Work task:
Lines to return, exactly: from the line with "Olive Green 100%" to the line with "Custom, one of" in the entries below, both included.

Working data:
==========
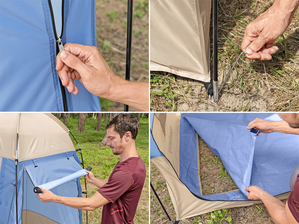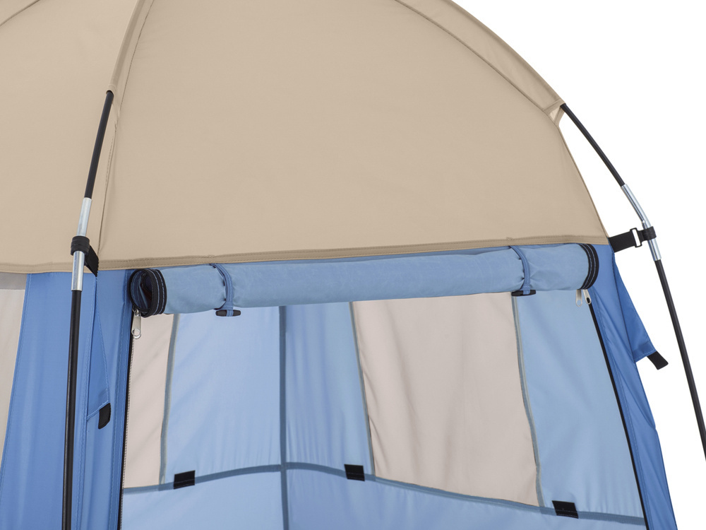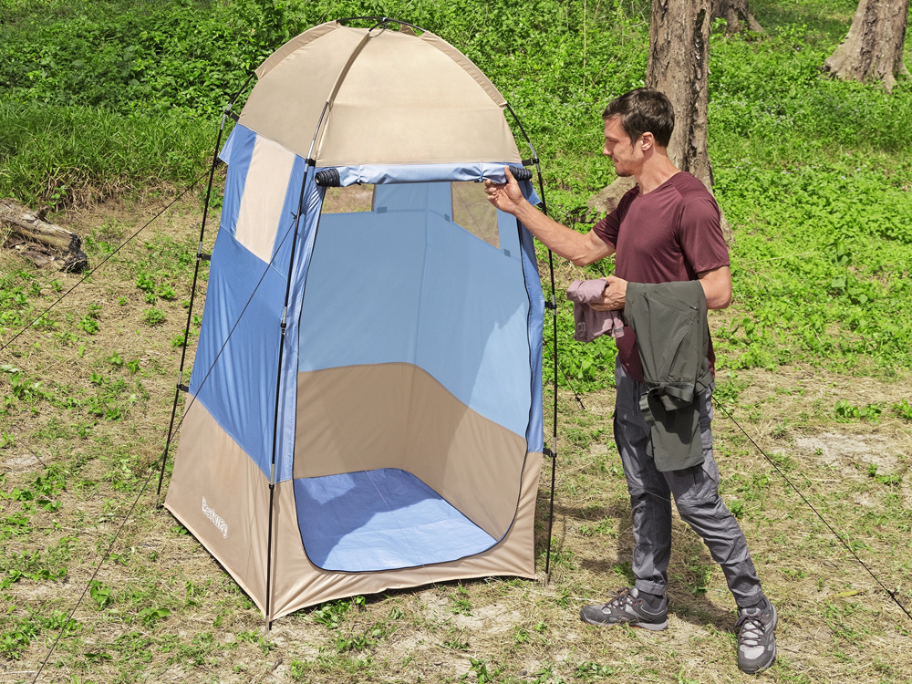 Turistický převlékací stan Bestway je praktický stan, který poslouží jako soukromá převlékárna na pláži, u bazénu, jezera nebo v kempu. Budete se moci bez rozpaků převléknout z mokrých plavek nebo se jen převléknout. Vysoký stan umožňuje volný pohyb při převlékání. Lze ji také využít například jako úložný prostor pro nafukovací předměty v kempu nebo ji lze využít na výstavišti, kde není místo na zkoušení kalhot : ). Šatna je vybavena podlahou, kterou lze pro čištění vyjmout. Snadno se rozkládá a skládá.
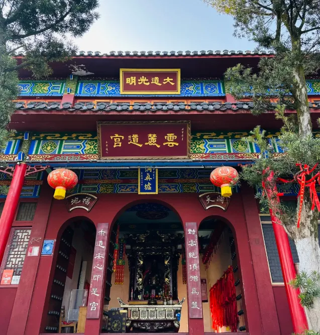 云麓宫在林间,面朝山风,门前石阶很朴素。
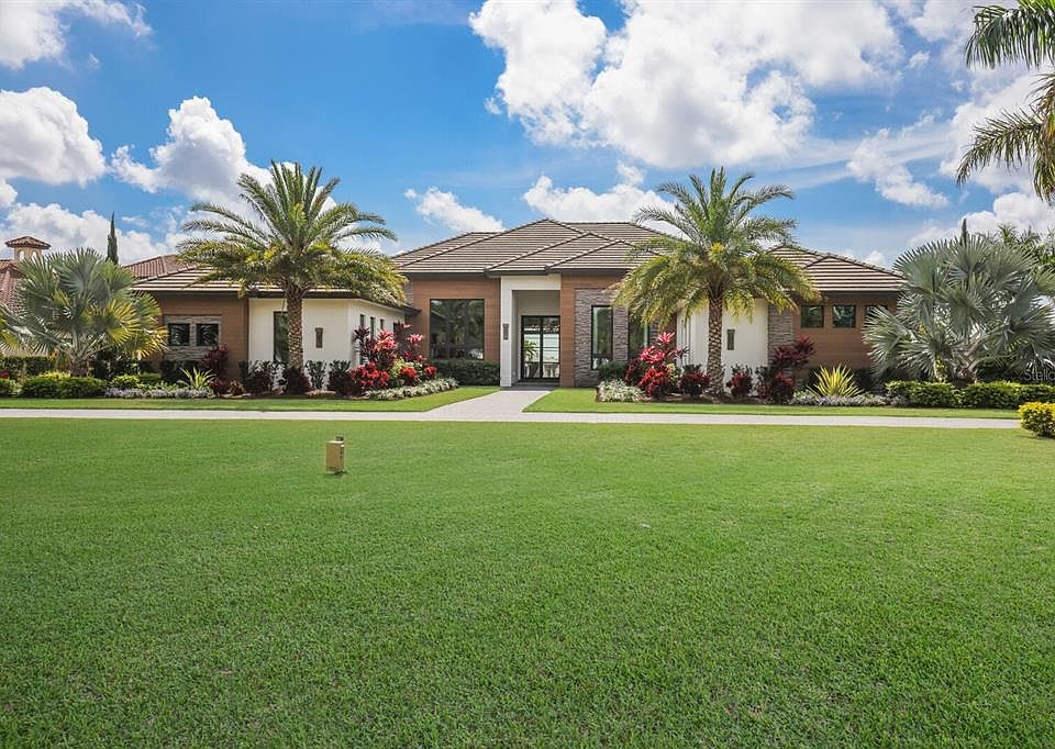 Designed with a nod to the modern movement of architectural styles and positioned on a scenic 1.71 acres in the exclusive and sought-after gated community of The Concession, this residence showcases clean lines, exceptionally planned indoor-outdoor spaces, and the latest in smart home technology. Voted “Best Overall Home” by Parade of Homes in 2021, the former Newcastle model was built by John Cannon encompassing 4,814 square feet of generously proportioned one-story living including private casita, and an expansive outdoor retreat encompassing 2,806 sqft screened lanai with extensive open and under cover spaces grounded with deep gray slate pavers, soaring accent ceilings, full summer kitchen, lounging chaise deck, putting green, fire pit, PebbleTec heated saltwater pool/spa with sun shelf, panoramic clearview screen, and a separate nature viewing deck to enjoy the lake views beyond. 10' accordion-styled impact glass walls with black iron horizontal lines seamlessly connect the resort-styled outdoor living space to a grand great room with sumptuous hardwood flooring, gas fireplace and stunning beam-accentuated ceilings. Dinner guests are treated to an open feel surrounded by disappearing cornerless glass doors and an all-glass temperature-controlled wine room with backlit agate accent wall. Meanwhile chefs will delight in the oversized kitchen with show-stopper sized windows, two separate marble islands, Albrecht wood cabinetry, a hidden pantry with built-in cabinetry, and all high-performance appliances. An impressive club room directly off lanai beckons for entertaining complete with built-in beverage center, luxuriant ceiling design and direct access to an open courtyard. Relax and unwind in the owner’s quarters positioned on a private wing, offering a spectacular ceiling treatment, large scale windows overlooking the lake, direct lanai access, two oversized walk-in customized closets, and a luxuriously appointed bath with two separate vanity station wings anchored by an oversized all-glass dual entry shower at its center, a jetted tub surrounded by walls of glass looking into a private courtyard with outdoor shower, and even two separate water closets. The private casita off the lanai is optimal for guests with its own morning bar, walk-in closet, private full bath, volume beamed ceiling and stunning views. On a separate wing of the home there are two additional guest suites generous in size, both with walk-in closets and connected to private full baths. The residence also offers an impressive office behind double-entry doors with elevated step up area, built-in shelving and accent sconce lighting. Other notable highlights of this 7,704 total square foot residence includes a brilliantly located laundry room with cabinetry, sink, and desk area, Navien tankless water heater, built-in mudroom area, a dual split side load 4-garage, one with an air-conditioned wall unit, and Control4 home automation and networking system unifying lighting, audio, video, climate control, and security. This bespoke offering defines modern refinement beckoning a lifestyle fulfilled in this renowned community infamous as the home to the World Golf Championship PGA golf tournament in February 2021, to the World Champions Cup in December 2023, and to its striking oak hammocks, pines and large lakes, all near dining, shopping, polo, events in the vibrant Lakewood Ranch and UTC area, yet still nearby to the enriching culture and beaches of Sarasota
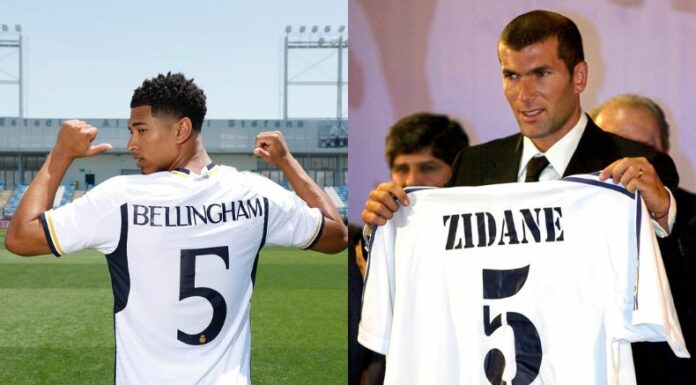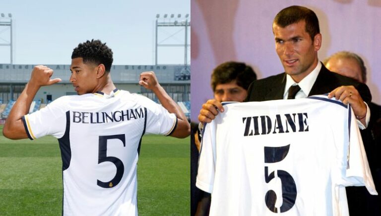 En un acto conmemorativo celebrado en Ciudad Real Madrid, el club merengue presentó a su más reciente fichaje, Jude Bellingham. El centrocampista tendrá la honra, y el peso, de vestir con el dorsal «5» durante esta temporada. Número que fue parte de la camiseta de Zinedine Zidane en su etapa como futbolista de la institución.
==========
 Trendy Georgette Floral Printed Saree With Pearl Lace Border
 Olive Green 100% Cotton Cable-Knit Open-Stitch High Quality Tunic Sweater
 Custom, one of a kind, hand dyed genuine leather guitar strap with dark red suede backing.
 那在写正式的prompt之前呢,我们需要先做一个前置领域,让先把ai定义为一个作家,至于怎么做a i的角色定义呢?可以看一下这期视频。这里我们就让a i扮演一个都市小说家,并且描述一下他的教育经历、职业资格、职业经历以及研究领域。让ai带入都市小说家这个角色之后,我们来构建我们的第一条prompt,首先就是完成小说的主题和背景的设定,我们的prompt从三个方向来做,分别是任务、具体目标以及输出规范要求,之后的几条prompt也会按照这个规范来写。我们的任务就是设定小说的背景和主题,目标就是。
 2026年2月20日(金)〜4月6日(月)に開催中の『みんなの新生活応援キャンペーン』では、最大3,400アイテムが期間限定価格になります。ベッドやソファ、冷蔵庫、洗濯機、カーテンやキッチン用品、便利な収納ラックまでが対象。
==========
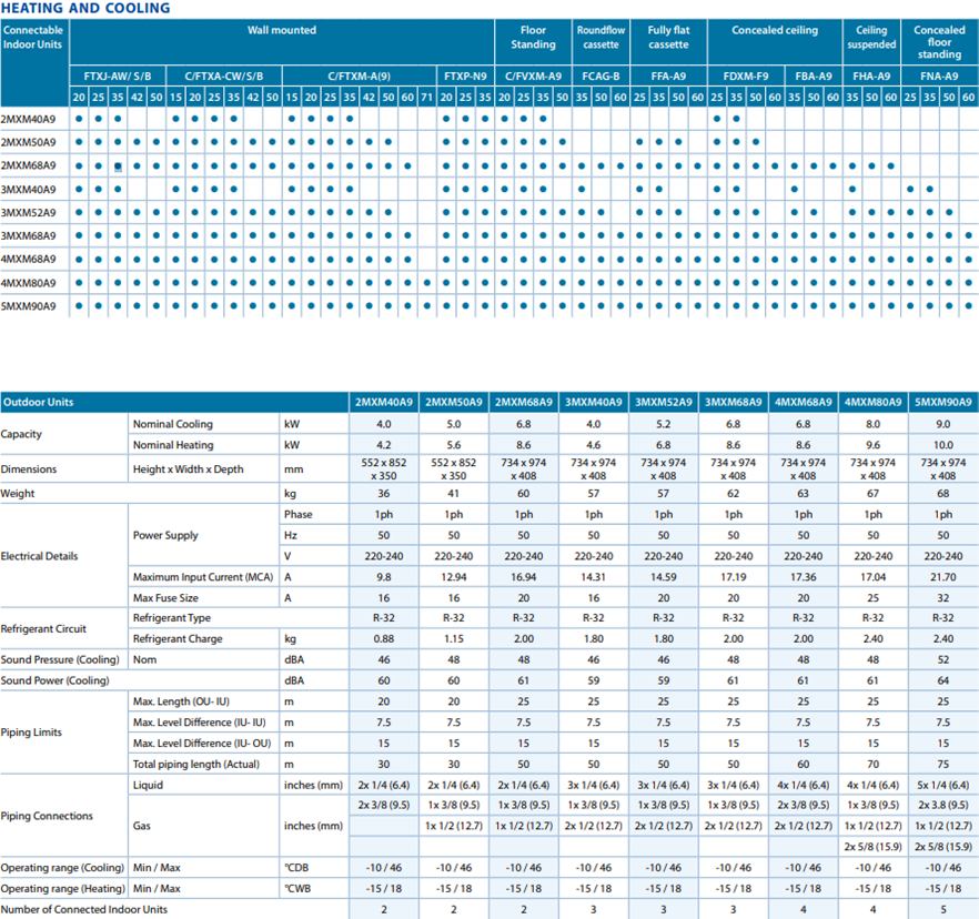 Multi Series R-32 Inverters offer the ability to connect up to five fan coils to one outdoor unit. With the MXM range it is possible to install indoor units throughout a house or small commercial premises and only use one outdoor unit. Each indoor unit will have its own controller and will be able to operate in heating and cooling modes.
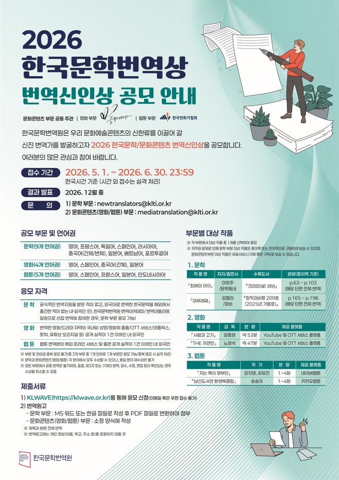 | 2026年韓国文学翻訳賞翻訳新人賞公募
==========
Task solution:
 Olive Green 100% Cotton Cable-Knit Open-Stitch High Quality Tunic Sweater
 Custom, one of a kind, hand dyed genuine leather guitar strap with dark red suede backing.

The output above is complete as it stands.